### TASK
When a picture appears in the listing, leave it out and copy the rest exactly as it stands.

### LISTED ENTRIES
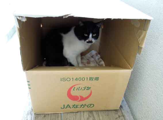 おはようございます♪久しぶりに・・・ゆっくりとした日曜日の朝となりました♪先週は鳴門市内のビジネスホテル、先々週は下関市のユースホステル、その前が「山川こうつウォーク」で、その前が「四国選手権最終戦」、さらにその前は「秋祭り」でした・・・(@_@;)!!今日は・・・やはりイベントがあります・・・(笑)♪午前中の早い時間に買い物を済ませ、JR阿波山川駅前を午前11時頃に出発する無料シャトルバスに乗って、吉野川市美郷で開催中の「美郷梅酒まつり」へ向かう予定なんです!!(●^o^●)♪今朝のニャンコはノラです♪勝手口の前に作ってもらった「ダンボールハウス」が2個・・・♪手前の大きい方は・・・実はチョビの家なのですが・・・ノラは向こう側の少し小さい方なんです・・・。でも・・・やっぱり大きな家の方が・・・いいのでしょうか・・・(笑)♪空いているか・・・確かめていました(笑)!!(●^o^●)♪
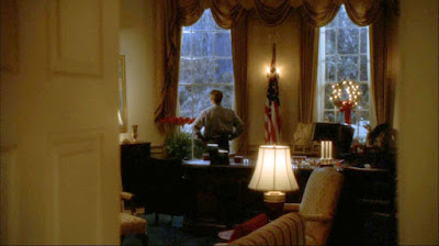 (This does seem a bit of an odd performance considering what we've seen of Will before, standing up to Sam about how he ran the Wilde campaign with a dead candidate, then standing up to him again about staying on for Sam's run, then standing up to Toby and criticizing his writing style. I suppose the office of the Presidency and the importance of the Oval Office itself was just a bit too much.)
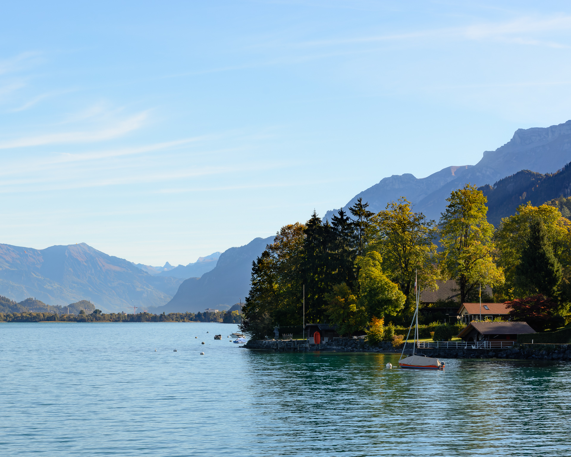 Der Tag begann recht relaxed, denn das erste Schiff fährt erst um 10:30 Uhr ab Spiez, wir hatten also mehr wie genug Zeit für Frühstück, ein bisschen Pause auf dem Balkon und den Spaziergang zum See hinunter.
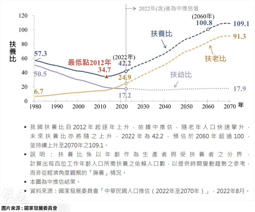 住展雜誌去年(2021)曾報導,因醫療進步、社會結構改變,我國青壯年人口的撫養負擔居高不下。而根據國發會最新統計,2022年總扶養比攀升至42.2%,即每100個有工作能力的人口,須撫養約42.2個依賴人口。總扶養比在近10年期間增加了7.5%,沉重的撫養負擔讓不少年輕人出現放棄努力的念頭,加入「躺平族」行列。
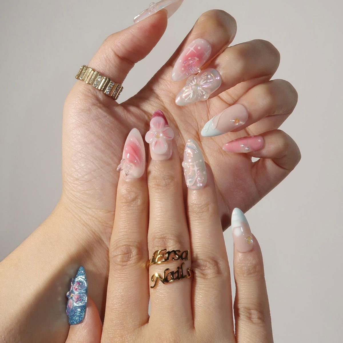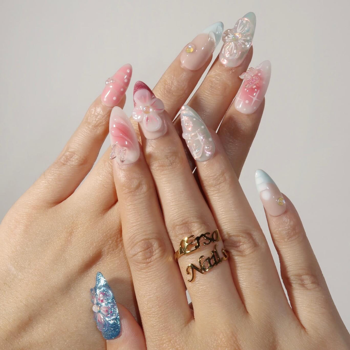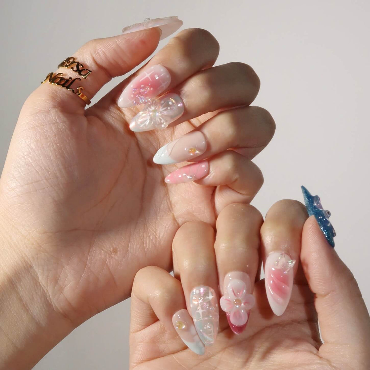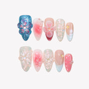 Embrace a dreamy look with the Dream Bouquet press-on nails from swara Nails. Featuring a stunning chrome finish, this design blends soft hues of blue, pink, and white for a whimsical, ethereal vibe. 3D floral accents, mermaid-inspired designs, and delicate butterflies add enchanting details to each nail. The French tip design combined with a gentle pink ombré effect creates a romantic and refined look, perfect for any occasion. Dream Bouquet is the ultimate choice for those seeking a magical and elegant touch to their nails.
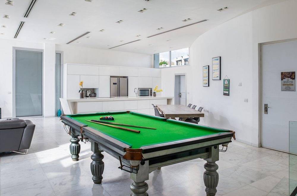 חדר פנאי עם משחקי שולחן, טלוויזיה וסוני פלייסטיישן
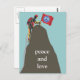 Frieden und Liebe wünschen. Ein Bergsteiger mit einer Friedenssymbolflagge auf der Bergspitze
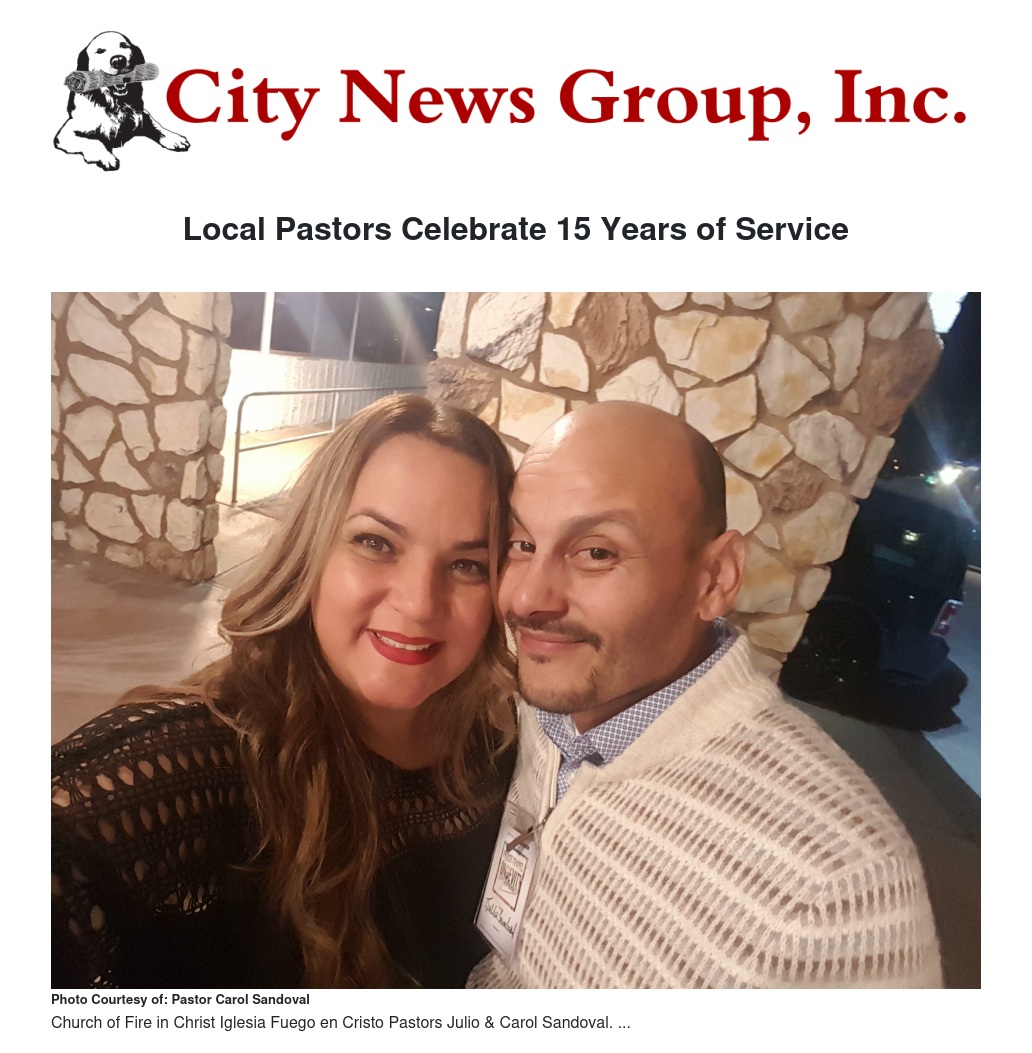 Pastors Julio and Carol Sandoval of Church of Fire in Christ, located in Grand Terrace, are marching into their 15th year of service to God and the community with humility and gratitude.  “It hasn’t always been easy, but it has been worth it!” says Julio.
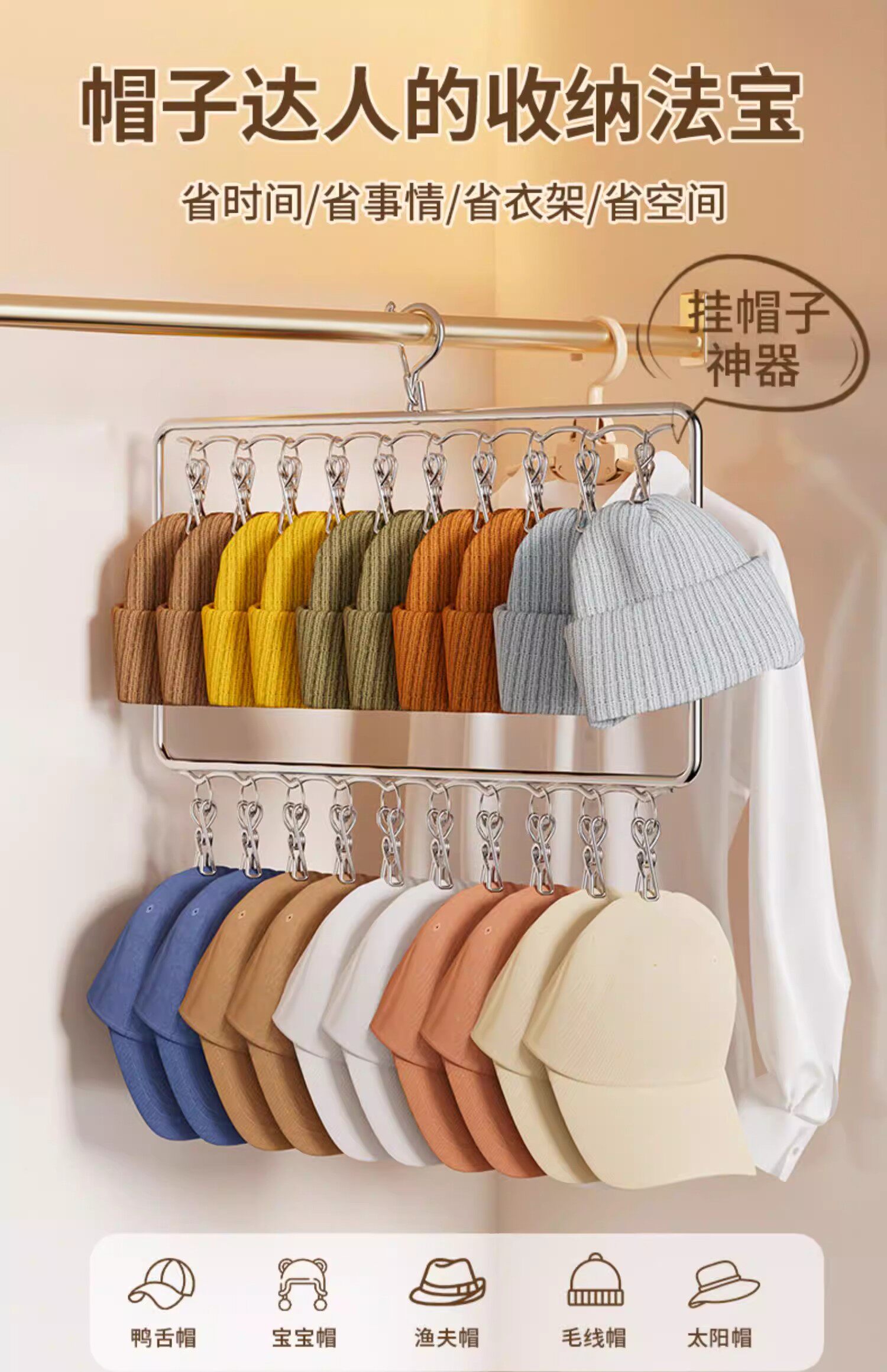 Hanging hat storage wall-mounted home Bailey fisherman duck tongue baseball cap hook clip space-saving wardrobe organization artifact
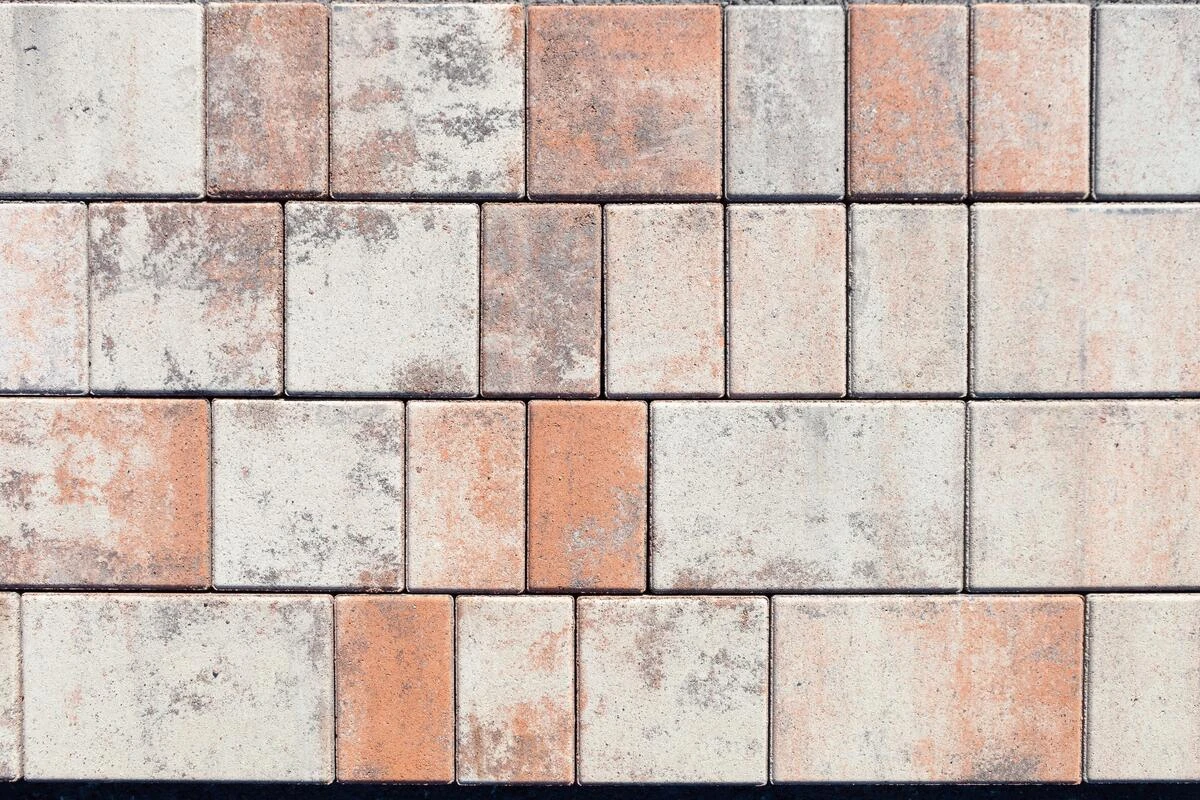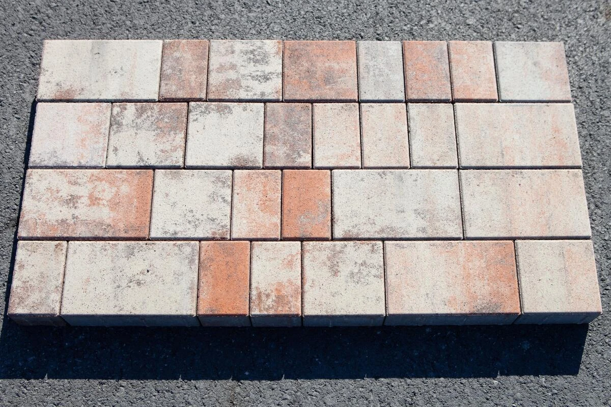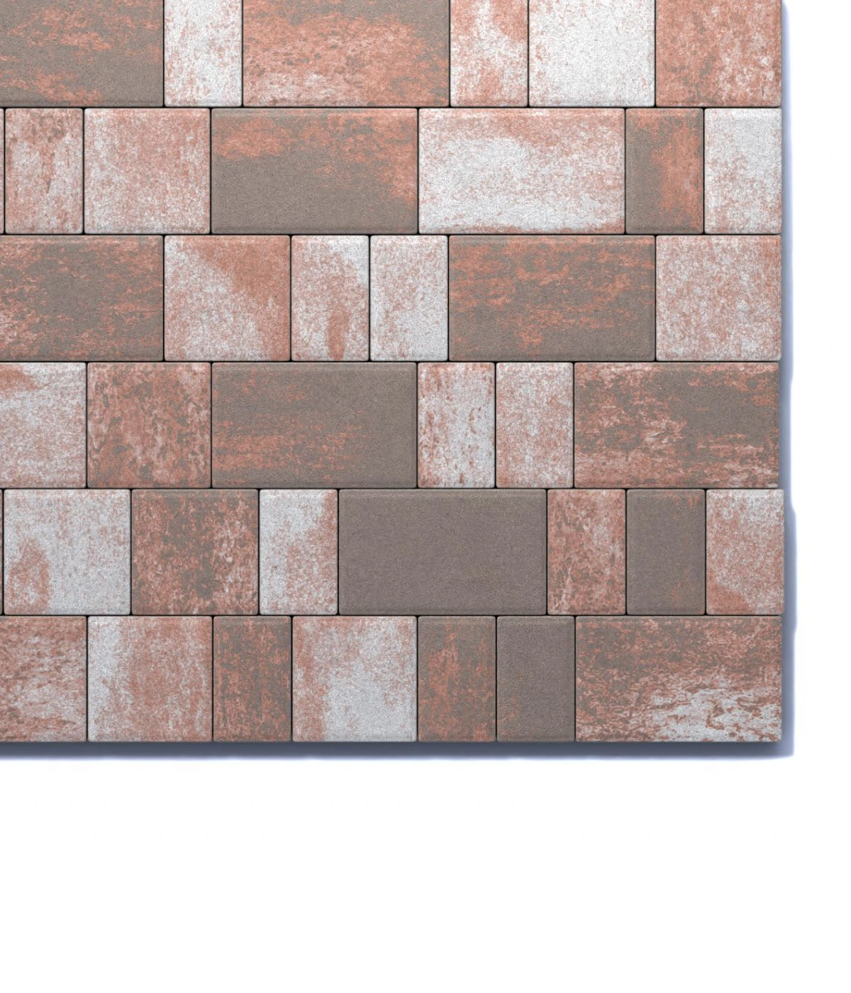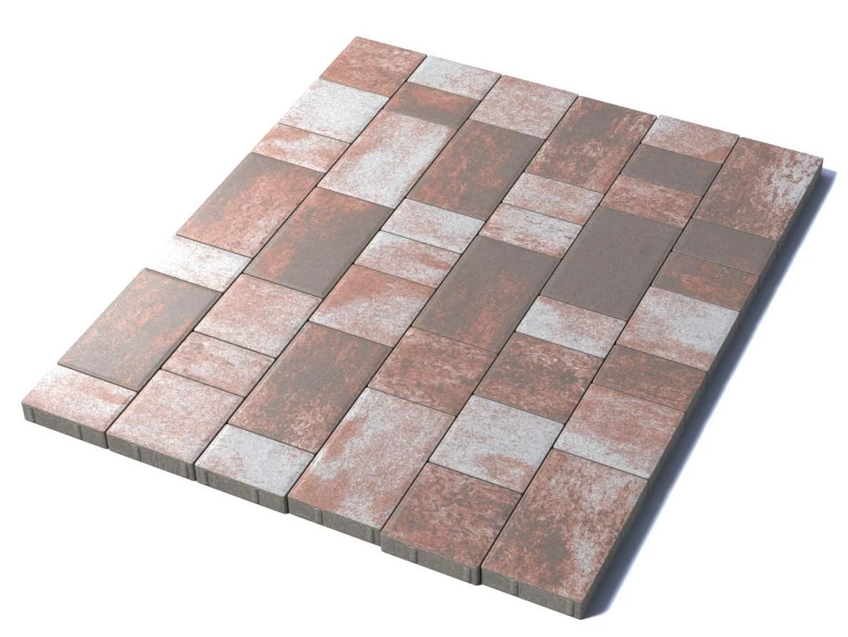 Состоит из 3-х элементов, которые выкладываются в хаотичном порядке рядами. Изготавливается по уникальной технологии методом полусухого вибропрессования из бетона. Поверхность бело-коричнево-оранжевого цвета.

### EXERCISE OUTPUT
 おはようございます♪久しぶりに・・・ゆっくりとした日曜日の朝となりました♪先週は鳴門市内のビジネスホテル、先々週は下関市のユースホステル、その前が「山川こうつウォーク」で、その前が「四国選手権最終戦」、さらにその前は「秋祭り」でした・・・(@_@;)!!今日は・・・やはりイベントがあります・・・(笑)♪午前中の早い時間に買い物を済ませ、JR阿波山川駅前を午前11時頃に出発する無料シャトルバスに乗って、吉野川市美郷で開催中の「美郷梅酒まつり」へ向かう予定なんです!!(●^o^●)♪今朝のニャンコはノラです♪勝手口の前に作ってもらった「ダンボールハウス」が2個・・・♪手前の大きい方は・・・実はチョビの家なのですが・・・ノラは向こう側の少し小さい方なんです・・・。でも・・・やっぱり大きな家の方が・・・いいのでしょうか・・・(笑)♪空いているか・・・確かめていました(笑)!!(●^o^●)♪
 (This does seem a bit of an odd performance considering what we've seen of Will before, standing up to Sam about how he ran the Wilde campaign with a dead candidate, then standing up to him again about staying on for Sam's run, then standing up to Toby and criticizing his writing style. I suppose the office of the Presidency and the importance of the Oval Office itself was just a bit too much.)
 Der Tag begann recht relaxed, denn das erste Schiff fährt erst um 10:30 Uhr ab Spiez, wir hatten also mehr wie genug Zeit für Frühstück, ein bisschen Pause auf dem Balkon und den Spaziergang zum See hinunter.
 住展雜誌去年(2021)曾報導,因醫療進步、社會結構改變,我國青壯年人口的撫養負擔居高不下。而根據國發會最新統計,2022年總扶養比攀升至42.2%,即每100個有工作能力的人口,須撫養約42.2個依賴人口。總扶養比在近10年期間增加了7.5%,沉重的撫養負擔讓不少年輕人出現放棄努力的念頭,加入「躺平族」行列。
 Embrace a dreamy look with the Dream Bouquet press-on nails from swara Nails. Featuring a stunning chrome finish, this design blends soft hues of blue, pink, and white for a whimsical, ethereal vibe. 3D floral accents, mermaid-inspired designs, and delicate butterflies add enchanting details to each nail. The French tip design combined with a gentle pink ombré effect creates a romantic and refined look, perfect for any occasion. Dream Bouquet is the ultimate choice for those seeking a magical and elegant touch to their nails.
 חדר פנאי עם משחקי שולחן, טלוויזיה וסוני פלייסטיישן
 Frieden und Liebe wünschen. Ein Bergsteiger mit einer Friedenssymbolflagge auf der Bergspitze
 Pastors Julio and Carol Sandoval of Church of Fire in Christ, located in Grand Terrace, are marching into their 15th year of service to God and the community with humility and gratitude.  “It hasn’t always been easy, but it has been worth it!” says Julio.
 Hanging hat storage wall-mounted home Bailey fisherman duck tongue baseball cap hook clip space-saving wardrobe organization artifact
 Состоит из 3-х элементов, которые выкладываются в хаотичном порядке рядами. Изготавливается по уникальной технологии методом полусухого вибропрессования из бетона. Поверхность бело-коричнево-оранжевого цвета.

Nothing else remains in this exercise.